Kristy A. Robinson

Title: 
Dr.
Academic title(s): 

Assistant Professor, Department of Educational and Counselling Psychology

Kristy A. Robinson
Contact Information
Address: 

PROSPECTIVE STUDENT APPLICANTS (MA, PhD), please see my lab website, including FAQ for prospective students: http://www.kristyarobinson.com/miles-lab.html

Education Building, Room 514

Email address: 
kristy.robinson [at] mcgill.ca
Phone: 
514-398-1607
Department: 
Department of Educational and Counselling Psychology
Biography: 

I have two primary lines of inquiry. In the first line of research, I investigate developmental patterns of specific motivational constructs such as identity, interest, and competence beliefs during adolescence and early adulthood. I use variable-oriented (e.g., examining means and relations between variables on average) and person-oriented perspectives (e.g., examining naturally occurring “profiles” of variables or growth patterns) to document both average declines and heterogeneity in trajectories of these constructs. My research contributes essential theoretical and practical understanding of who, specifically, experiences declines, which forms of motivation are more or less malleable, and why individuals might experience different developmental patterns. This understanding is needed for developing interventions, for example to understand whether an intervention should be administered to all students or only to subgroups. 
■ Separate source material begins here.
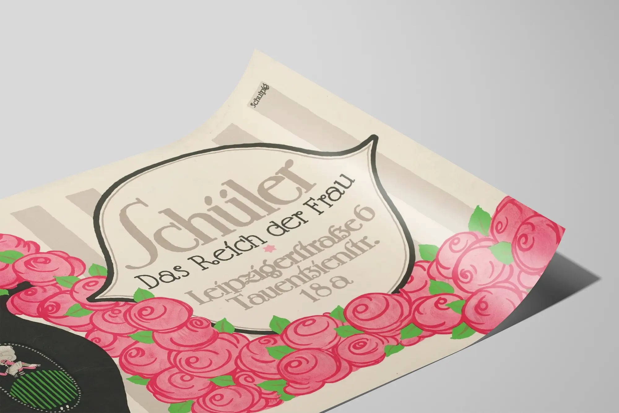 Dieses Vintage-Poster Schuler Das Reich der Frau ist ein einzigartiges Wanddekorationselement, das in jedem modernen oder retro-inspirierten Interieur für Aufsehen sorgt. Gekrönt wird es von einer stilisierten schwarzen Vase, die mit einem Strauß leuchtend rosa Rosen überquillt. Dieses Bild zieht sofort die Aufmerksamkeit durch seinen Farbkontrast und seine elegante Komposition auf sich. Die um die Vase gewundenen Blumen verleihen eine Note von Sanftheit und Romantik, perfekt für eine freundliche und warme Atmosphäre. Der Hintergrund zeigt dezente vertikale Streifen in Beigetönen, die die grafischen Elemente hervorheben, ohne abzulenken. Rechts neben der Illustration umrahmt eine Textblase den Namen „Schuler Das Reich der Frau“, begleitet von einer im Vintage-Stil geschriebenen Adresse, was den Charme des Posters unterstreicht. Diese Art der Wanddekoration richtet sich besonders an Liebhaber grafischer Kunst des frühen 20. Jahrhunderts oder an jene, die eine florale und feminine Atmosphäre in ihrem Wohnraum schaffen möchten. Dieses Poster eignet sich ideal zur Dekoration von Wohnzimmern, Schlafzimmern oder Leseecken und verleiht einen Hauch von alter Eleganz und visueller Leichtigkeit. Es lässt sich auch gut in einen eklektischen Stil integrieren, der antike Objekte mit zeitgenössischen Elementen verbindet, um einen einzigartigen Eindruck zu hinterlassen. Die Farbpalette, die lebhaftes Rosa, tiefes Schwarz, sanftes Beige und grüne Akzente vereint, sorgt für eine harmonische Farbgestaltung, die sich leicht in verschiedene Wandstile einfügt, egal ob hell oder dunkel. Als dekoratives Element stellt dieses Poster eine gelungene Verbindung zwischen grafischer Kunst und floristischer Illustration dar, ideal, um eine weiße oder pastellfarbene Wand zu bereichern und gleichzeitig einen Hauch künstlerischer Nostalgie zu vermitteln. Ob gerahmt in einem feinen schwarzen Rahmen oder einfach auf einem Regal platziert – dieses Vintage-Poster Schuler Das Reich der Frau wird die Aufmerksamkeit auf sich ziehen und Gespräche anregen. Es richtet sich sowohl an Sammler alter Poster als auch an Liebhaber raffinierter und detaillierter Wanddekorationen. Bringen Sie einen Hauch von Charme und Raffinesse in Ihr Zuhause mit diesem Poster voller großzügiger Rosen und originalem Retro-Stil.
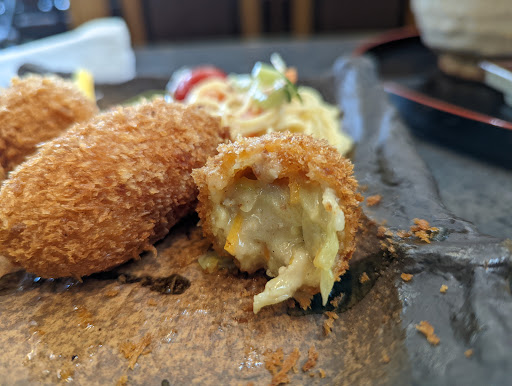 続いてキャベコロが到着! 中があっつあつということで割ってからいただきます。 箸を入れるとザックザクという快音がする揚がり具合! 御開張するとクリームコロッケのようにトロっとした 具が出てきます。 ソースをつけていただきましたが 田原産のキャベツはとても甘くて柔らかく 混ぜ込まれたカレーの風味がより 甘みを引き立てているようでした! ちょっとカレーパンの感覚に似ていますね! この具でカレーパン作っても美味しそう!

Relatedly, students’ complex emotional experiences play a key role in their academic engagement and achievement. While most research on emotions has examined single emotions, controlling for other emotions, my research delves into students’ lived experiences at a more granular level, contributing to our understanding of how emotions co-occur within individuals and relate to motivational predictors and achievement-related outcomes. Using structural equation modeling and profile analysis, these studies directly test control-value theory’s central propositions while extending theory to account for complex emotional experiences. This work has implications for understanding which emotions are most facilitative in the classroom, as well as how these emotions can be supported. 

My second line of research focuses on theoretically guided classroom interventions that support students’ motivation and identity development. Introductory STEM courses can “make or break” students’ competence beliefs, feelings of belonging, and sense of identity. To mitigate early declines in motivation, I combine student- and a teacher-focused intervention approaches, helping instructors incorporate motivationally supportive practices into their everyday instruction. This work employs a paradigm that considers motivation to be a contextualized, dynamic, and interconnected system working within and between students.

The goal of these two lines of research is to advance motivation theory to inform effective and equitable instructional support for students’ pursuit of their academic goals, particularly for students who have been traditionally underserved in education.

Program: 

Learning Sciences

Degree(s): 

Ph.D., Michigan State University, Educational Psychology and Educational Technology

B.S., Brigham Young University, Psychology

Research areas: 
Motivation
Emotions
Areas of expertise: 
  • heterogeneous trajectories of identity and motivation
  • emotion profiles in STEM settings
  • motivationally supportive classroom practices
  • longitudinal structural equation modeling
Current research: 

Identity Trajectories for College Students in STEM
Exploring heterogeneous science identity trajectories and their correlates in the short- and long-term from an expectancy-value theory perspective.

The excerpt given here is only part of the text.